Stop freaking out about token costs and do this instead

By Michael Domanic, Section Head of AI

We're officially in the Hangover Stage of enterprise AI.

The Claude invoices have arrived. CFOs are asking questions - mostly “How the f*@# did we spend this much on inference?” Inference management is suddenly its own software category.

What's getting lost in the panic: token costs are not the problem. Token costs without business value are the problem. And most companies have done only 1% of the work required to drive business value from AI. They gave everyone access to the tools, said “go figure it out,” and are now shocked that the bill is high and the ROI is unclear.

If that sounds familiar, the answer isn't to kneejerk cut the budget. It's to go back and do the work you skipped.

1. Decide what you're using AI for and tell the organization

This sounds obvious and almost nobody does it. Most companies rolled out AI tools without articulating what they expected people to use them for. The result is that some employees are building genuinely valuable automations, some are using AI to vibe-code broken and pointless tools (many such cases), and some aren't touching it at all - and leadership has no idea which is which.

Get your leadership team in a room and answer these questions: What is the urgent, specific reason for your business to use AI? What key metrics are you trying to move? What does “good” AI use look like at your company?

Communicate that clearly and repeatedly. Every employee should be able to tell you what the company expects them to use AI for - and “everything” is not a good enough answer.

2. Set an AI budget as a percentage of salary

Inference is not a mystery line item. It’s a known cost of doing business. Our recommendation: budget 2-5% of salary for business roles and higher for engineering and technical teams.

For a team of 10 knowledge workers averaging $150,000, that's $30,000 to $75,000 a year - roughly the cost of a fraction of an additional hire.
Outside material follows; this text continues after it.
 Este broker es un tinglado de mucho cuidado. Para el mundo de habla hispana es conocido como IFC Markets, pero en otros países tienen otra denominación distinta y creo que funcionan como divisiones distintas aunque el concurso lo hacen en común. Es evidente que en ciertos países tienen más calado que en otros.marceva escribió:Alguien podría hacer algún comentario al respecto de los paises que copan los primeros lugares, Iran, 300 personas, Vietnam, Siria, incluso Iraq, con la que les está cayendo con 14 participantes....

The question then becomes simple: are you getting that fraction of an additional hire's output back from the team? If yes, the math works.

Set this budget with the explicit understanding that after 12 months, each team leader will need to justify it with evidence of value - or lower it. Evidence of value at that point will look like a hiring freeze or meaningful change to department-level KPIs. That creates a forcing function for measurement without killing experimentation in the meantime.

3. Set token caps

For the love of God, set token caps. This is basic cost hygiene, and a shocking amount of companies are not doing it. You're not trying to restrict usage - you're trying to prevent a misconfigured automation from running every 15 minutes and racking up thousands of dollars in inference on something nobody is using.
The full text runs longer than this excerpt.